Hello.
Daniel Bloemer wrote:
Hi,
for the last week I have checked out bacula, since I need to replace the mt-scripts here with a better solution.
Nice to see you found bacula.
I have done several testing and reading in the documentation and what I have found out is quite promising. But I have some open questions. Maybe someone here with more experience in bacula can answer some of that.
I'm quite sure... although recently there was some discussion of how a backup routine should work, especially regarding tape management.
Thus you get some sort of disclaimer ;-)
I think that a backup system should avoid overwriting anything which is not definitely "old". Old means that the operator decided - either at setup time or by giving the right commands - that it can be overwritten. Nothing gets overwritten when the stored data is considered recent but the volume is the one in the drive.

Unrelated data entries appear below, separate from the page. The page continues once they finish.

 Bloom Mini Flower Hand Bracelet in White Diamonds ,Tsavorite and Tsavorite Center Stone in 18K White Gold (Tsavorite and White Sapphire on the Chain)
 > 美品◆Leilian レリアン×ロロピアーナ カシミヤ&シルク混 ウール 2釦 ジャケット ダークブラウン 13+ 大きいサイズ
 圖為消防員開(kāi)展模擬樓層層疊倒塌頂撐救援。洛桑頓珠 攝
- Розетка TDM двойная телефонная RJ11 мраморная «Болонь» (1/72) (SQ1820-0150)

Volumes are only managed by the backup system. Once you decide you can trust it you have to trust it.
This is - surprise! - the way I use bacula.
The general situation is a lot of data, distributed on several Linux/Windows-hosts, are to be backuped on tape.

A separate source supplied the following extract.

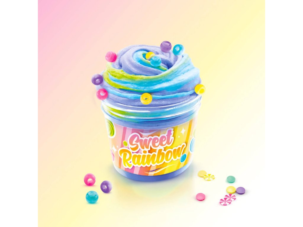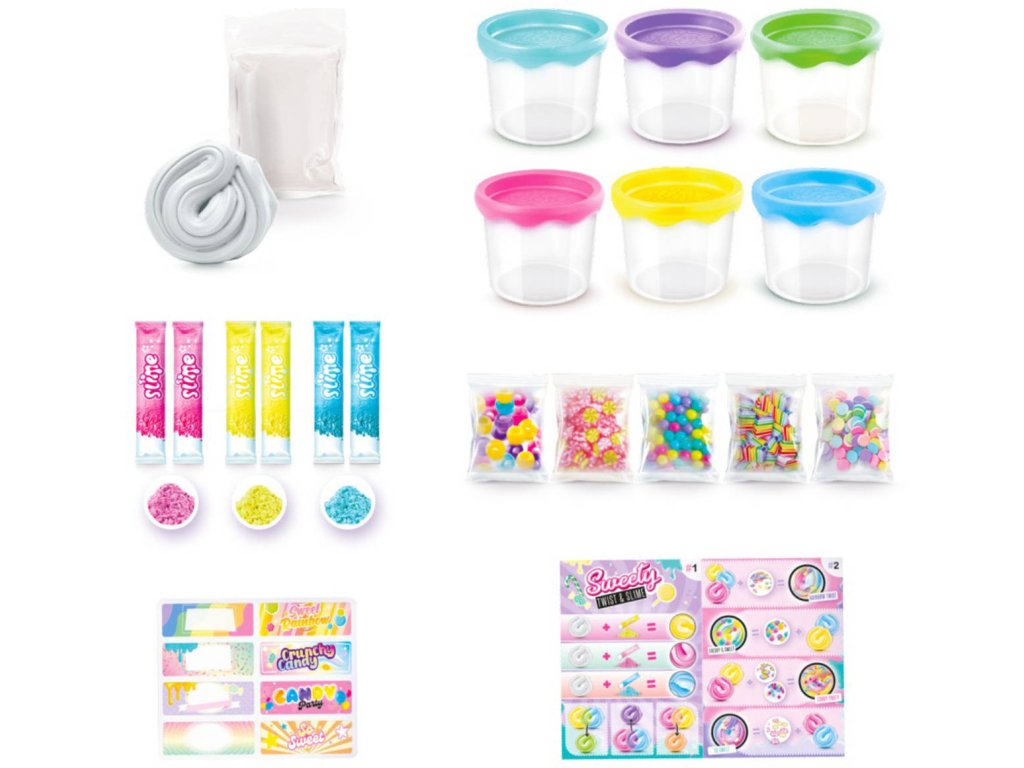 Obsah balení: sáček průhledného slizu, 6 sáčků práškové barvy do slizu, 5 druhů ozdob do slizu, 6x kelímek, karta s recepty na sliz, arch samolepek na kelímky

For now I have a seagate tape-drive with 20GB capacity, which tapes has to be changed manually.
Short on money?
From personal experience: Better buy a used tape drive or changer with the right capacity for your purpose than take the risk to accidentially destroy backups or "forget" them. YMMV
Some of the backupjobs are bigger than that. It there a way to convince bacula to deal with this properly?
No convincing necessary, bacula does so by default.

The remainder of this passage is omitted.